Tom Wilkins stood the monotony of waiting very well. Used to the loneliness of the plains, his own thoughts sufficed. But Florence had no resources in herself. Accustomed to the clatter of New York, she had been bored even by the quietness of the life on the Sea Spume, and this was ten times worse. Day after day she did nothing but twirl her fingers and think about Baron Demidroff and his wonderful tale of Princess Yves Napraxine.

Such was her mood on the third afternoon of her imprisonment, when Wilkins, with a fatuity scarcely credible, attempted to cheer her up by making love to her. Florence promptly went into hysterics, and Wilkins had the time of his life in quieting her. That night, after pretending to go to bed, she slipped away, rowing herself ashore in the only small boat belonging to the sloop, and took the night train for St. Petersburg. By the time that Wilkins missed her she was at the office of Baron Demidroff.

Even when there, however, she found it none too easy to reach the Baron. Totally ignorant of the language, and unable to ask her way, she had to trust to luck, and luck did not favor her. It was late in the afternoon—the afternoon of the same day and at about the same hour when Caruth and Marie were leaving Gatchina—that she at last found her way to the Baron’s office and sent in a card inscribed with Olga’s name, but with the additional words, “Princess Yves Napraxine,” pencilled in the corner.

But after that events moved fast. Scarcely had her card vanished when the door was flung open and the Baron rushed in, both hands extended.

“Ah, Madame la Princesse!” he exclaimed. “To think of seeing you here! Come in! Come in!” Eagerly he urged her toward the inner office, pouring out the while a flood of welcomings. “Well!

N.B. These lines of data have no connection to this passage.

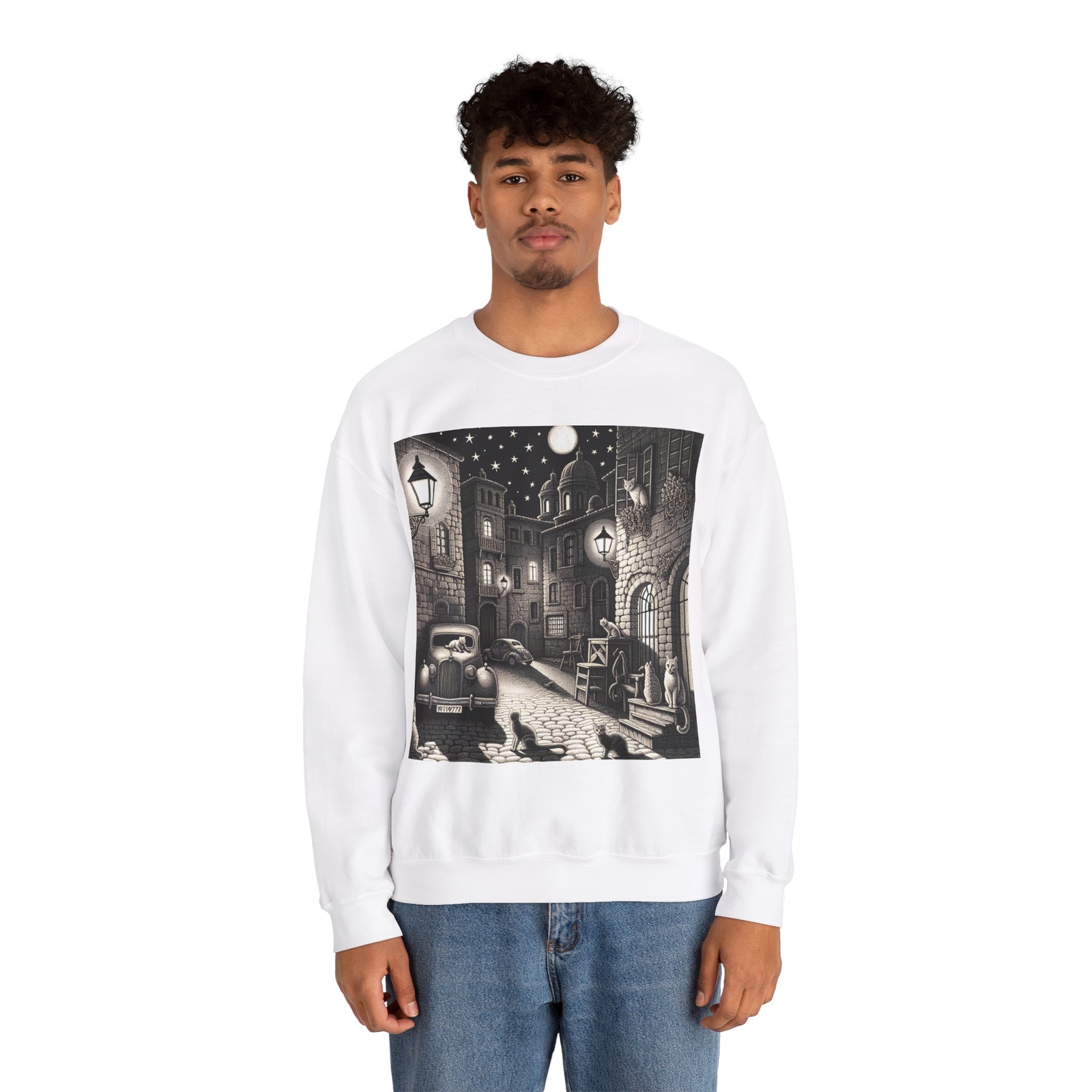 как выглядит Unisex Adult Crewneck Sweatshirt Vintage Alley Cats Night Town Moonlight Street фото
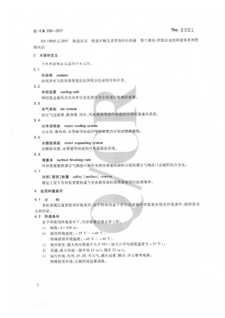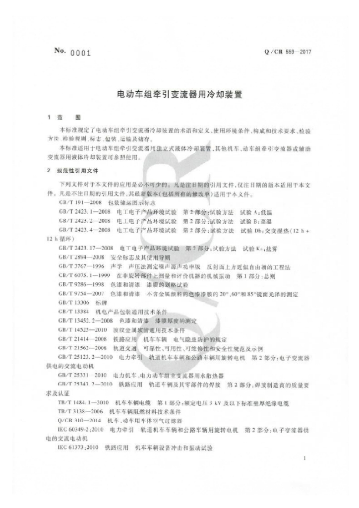 Q/CR 559-2017 电动车组牵引变流器用冷却装置
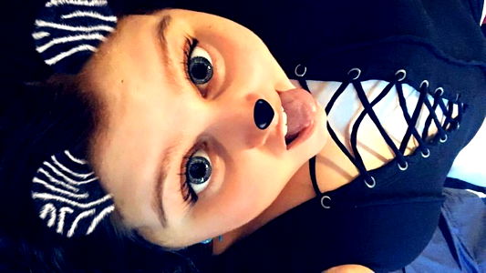 This is a close-up portrait of a young woman with striking makeup and a bold expression, capturing her as Bombshell Bandit.
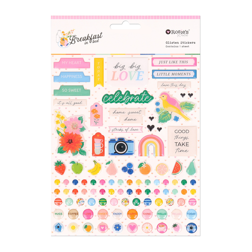 Bring texture and shine to your projects with the Breakfast in Bed glisten stickers. These glossy epoxy stickers feature an array of colourful dots...

Well!” he exclaimed. “To think of it. Where did you come from, Princess? Where have you been all these days?”

Florence seated herself and stared at him with cool insolence. Instinctively she knew that she would gain no more from him by softness than she had gained in former days from the “Johnnies” in New York. Men were all alike, she decided, and the weeping, clinging girl was a back number.

“Back off! Back off!” she ordered. “I’m not telling where I’ve been yet.”

“But the gold, Princess! The gold!”

“The gold is all to the downy. It’s where I can put my hand on it. You see, Baron, I’m one of the new woman push, and I ain’t trusting anybody. You might play fair if I turned the stuff over to you, and you might not. It’s me for the sure thing every time. That’s why I got me suitors to carry the gold off and hide it away till I got guarantees.”

Instead of showing vexation, the Baron chuckled. Such impudence from one altogether in his power was refreshing. Florence had made no mistake in her treatment of him. The Baron admired any one who was clever enough to see through him. Besides, the girl was very handsome.